Work instructions => Leave every picture out. Set down all the lines below exactly.

*** Collected data Section Begins ***

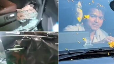 ಕೇರಳಕ್ಕೆ ಬಂದ ದಳಪತಿ ವಿಜಯ್ : ಕಾರಿನ ಗ್ಲಾಸ್ ಪುಡಿ ಪುಡಿ
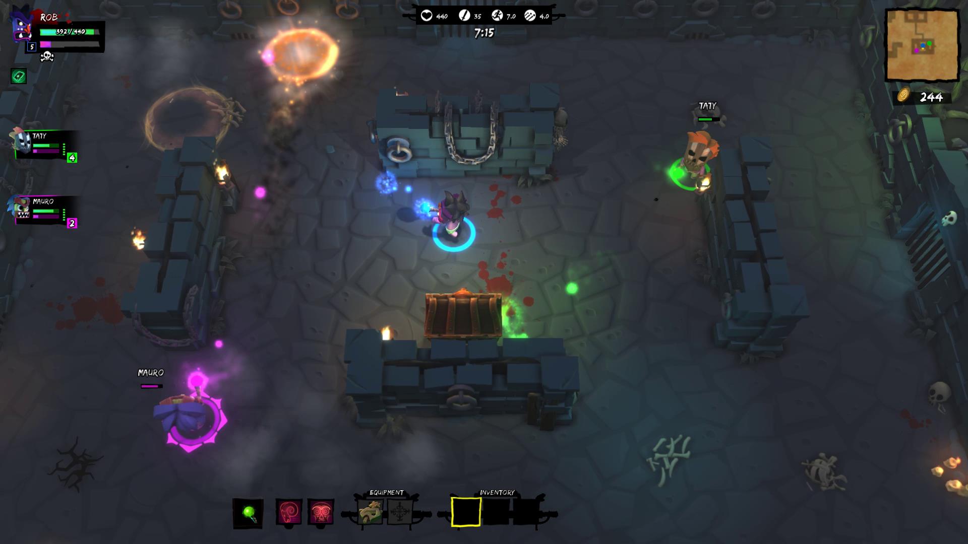 One thing you can always count on from Nicalis is variety and quality. They seem to constantly be churning out new and interesting products, especially for those who love retro, hardcore games. Though they are perhaps most well known for Binding of Isaac and Cave Story, the game coming out next for them is Full Mojo Rampage. Slated to come out to XBox One and PS4 this Spring, it looks like the love child of Binding of Isaac and voodoo dark magic. It’s hard to put into words beyond that, but suffice to say, it should be a very fun, complex and crazy title. With that in mind, here is the latest bunch of screenshots from the game. Stay tuned to oprainfall for more Mojo goodness as it hits!
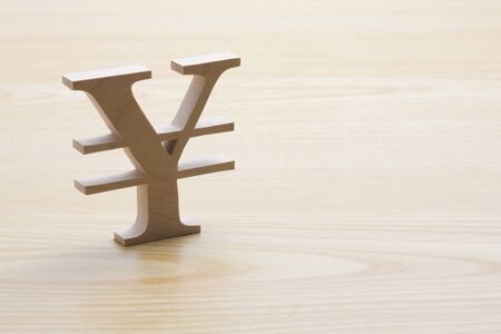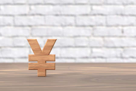 Exchange rate. Wooden yuan or yen and broken ruble symbol on brick wall background
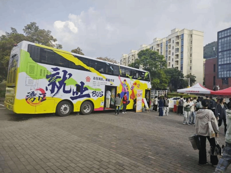 本次活动以双层巴士为载体,设有就业指导区、直播带岗区、企业招聘区等多个功能区,提供“一站式”就业服务。学生在巴士内了解就业政策、获得就业指导,并在现场投递简历。

*** Collected data Section Ends ***

Written answer =>
 ಕೇರಳಕ್ಕೆ ಬಂದ ದಳಪತಿ ವಿಜಯ್ : ಕಾರಿನ ಗ್ಲಾಸ್ ಪುಡಿ ಪುಡಿ
 One thing you can always count on from Nicalis is variety and quality. They seem to constantly be churning out new and interesting products, especially for those who love retro, hardcore games. Though they are perhaps most well known for Binding of Isaac and Cave Story, the game coming out next for them is Full Mojo Rampage. Slated to come out to XBox One and PS4 this Spring, it looks like the love child of Binding of Isaac and voodoo dark magic. It’s hard to put into words beyond that, but suffice to say, it should be a very fun, complex and crazy title. With that in mind, here is the latest bunch of screenshots from the game. Stay tuned to oprainfall for more Mojo goodness as it hits!
 Exchange rate. Wooden yuan or yen and broken ruble symbol on brick wall background
 本次活动以双层巴士为载体,设有就业指导区、直播带岗区、企业招聘区等多个功能区,提供“一站式”就业服务。学生在巴士内了解就业政策、获得就业指导,并在现场投递简历。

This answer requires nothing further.